He loved the sight of waiting vultures plucking the falling shards of meat mid-air. It was both
pleasure and profession for him. At sundown, he sat on the hut-hotel by the roadside, read
newspaper, and leisurely sipped tea.


Life was not supposed to be that simple and dull for him. One day he met up Rani – a stray
woman – who had eloped with her paramour from a far off village. The man ditched her in
Lahore, and ran with her jewellery and money that she had fetched with from her parents’
home. As she was scared of going back to her home and getting killed, Allah Ditta purposely
chaperoned her to his under-the-bridge home. Haq Nawaz was on the call of duty to
solemnize their marriage a week later.  

Rani gave birth to two beautiful sons before falling prey to breast cancer to keep it eventful.


The government hospital recommended chemotherapy for which they had no money.
Initially they managed it through painkillers, but then Cancer started living in the home like
fifth member of the family; most of the times the most important one.

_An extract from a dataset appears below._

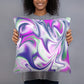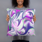 Transform your space with the Burst BeSculpt Throw Pillow Reversed Image, an exquisite piece of art crafted with a dynamic fluid abstract pattern. Its captivating colors of African Violet, Emerald, Purple, Indigo, Sapphire, Soft Pink, and White will give any room a luxurious and sophisticated air. Enjoy the allure of an exclusive art gallery in the comfort of your home.

Allah Ditta realized that the profession he innovated was now turning into an industry as
more and more people surfaced on the scene with entrails bags. The butchers now also
started to sell their previously useless by-product. A serious dent in his revenues was the
result.

On the other hand, Rani’s health started deteriorating symptomized by extreme pain, lack of
appetite, and sleeplessness. Reduced income coupled with increased expenditure, the boys
now eight and six started feeling the pinch of starvation. Sometimes, he would send them to
deputize for him and sell the entrails bags, but they were too young and tender, and the
competition was fierce.  

Things were getting slowly out of his control. He could not even get his haircut and shave
done for a few months, about which he had been quite particular ever since escaping from
Maktab. More painful, of course, was Rani’s condition; chemotherapy was required and
quickly.


One Tuesday morning (cutting of animals was banned on Tuesdays and Wednesdays), he
took Rani and the boys to the main public transport junction, found an eventful nook, wrote
and displayed the placard: “Save mother of two flower-like sons!” The accounts revealed a
total return of seventeen rupees for the day. While rolling back their old rug that the family
owned for an asset, he muttered unto himself: “Who the hell thought beggars were rich
fellows, and earned more than the daily labourers!” The entire earnings went into purchase
of cough syrup for Ali, bread for the family to be eaten with onions, and painkillers for Rani.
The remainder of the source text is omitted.